Rifts in Rafts
Kh\'a-\^I T\^o, Sidney R. Nagel

TL;DR
This study investigates how particle rafts on expanding liquid surfaces fail under different stretching speeds, revealing a competition between particle relaxation and expansion that determines the pattern of rift formation.
Contribution
It introduces a model linking failure morphology to the competition between re-aggregation and expansion velocities in particle rafts.
Findings
Failure morphology varies continuously with pulling velocity.
A model based on velocity competition explains the observed patterns.

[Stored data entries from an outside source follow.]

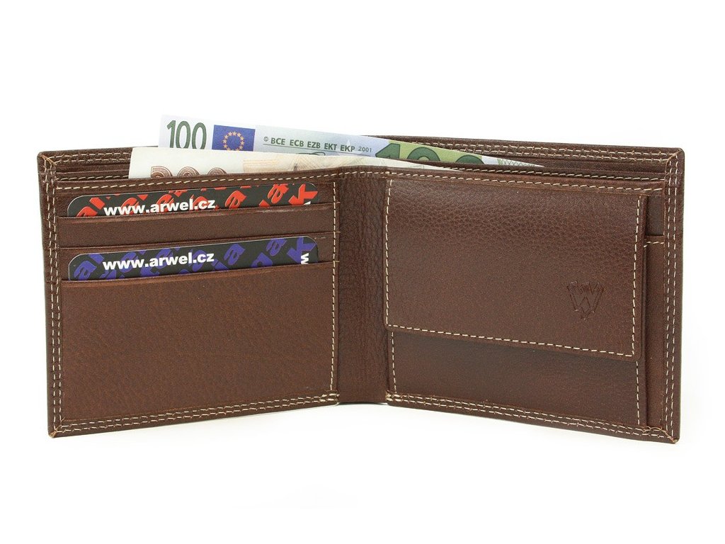 2 priehradka na bankovky, kapsa na mince, 3 kapsy na kreditné karty, 2 skryté kapsy, dvojité prešívanie.
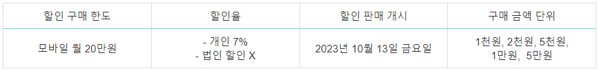 2023년 10월 13일부터 창원시에서 누비전 (창원사랑상품권)을 할인판매 시작한다고 합니다. 이번 모바일형 판매는 개인은 7% 할인되고, 법인할인은 없습니다. 선착순으로 조기종료 될 수 있으니 포스팅 보시고 할인받고 구매하시기 바랍니다.
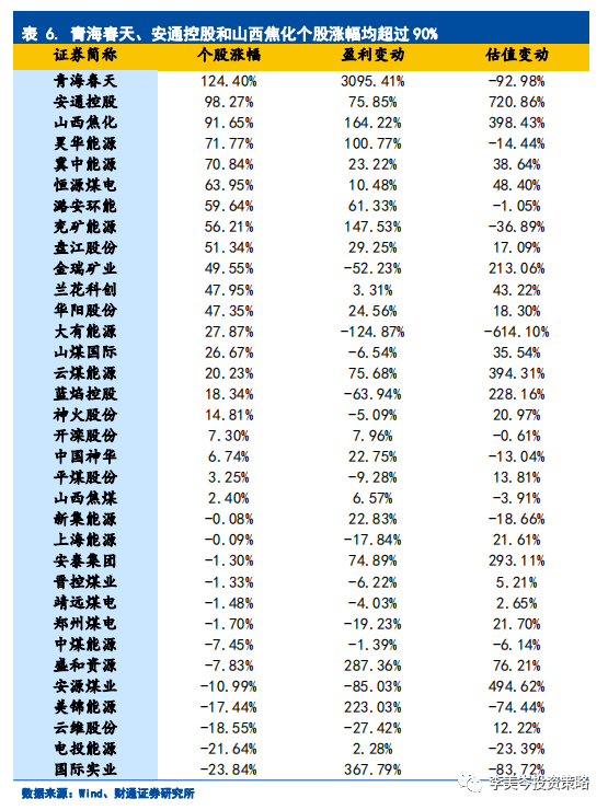 本阶段位于盈利改善前三位的个股分别是国际实业、美锦能源和安泰集团,盈利改善分别为1366.41%、614.37%、606.82%。本轮行情中,受煤价上涨影响,上市煤企仅5家亏损。兖州煤矿、山西焦煤等大型煤企在本轮行情中也获得了较大的成长性。
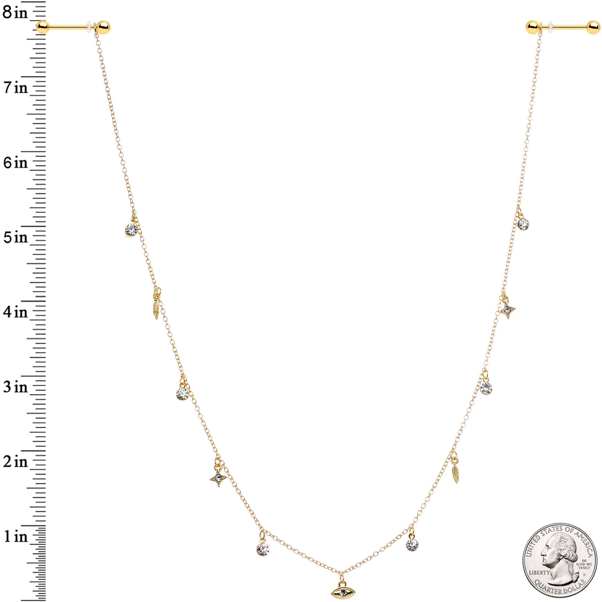 Show off your spiritual side with style when you're wearing this 14 gauge nipple jewelry! It's made with 14mm gold tone PVD over 316L surgical grade stainless steel straight barbells with 5mm ball ends. Dangling between the two barbells is a 15" length of gold tone chain. Dangling from the chain are round clear gems, alternating with eye, star, and feather charms. The eye and star charms are also set with clear gems. This mystical-themed nipple chain is sure to take your look to a whole new dimension!Specifications

The cluster length between rifts is determined by the balance of two velocity scales.
Abstract
A particle raft floating on an expanding liquid substrate provides a macroscopic analog for studying material failure. The time scales in this system allow both particle-relaxation dynamics and rift formation to be resolved. In our experiments, a raft, an aggregate of particles, is stretched uniaxially by the expansion of the air-liquid interface on which it floats. Its failure morphology changes continuously with pulling velocity. This can be understood as a competition between two velocity scales: the speed of re-aggregation, in which particles relax towards a low-energy configuration determined by viscous and capillary forces, and the difference of velocity between neighboring particles caused by the expanding fluid. This competition selects the cluster length, i.e., the distance between adjacent rifts. A model based on this competition is consistent with the experimental failure…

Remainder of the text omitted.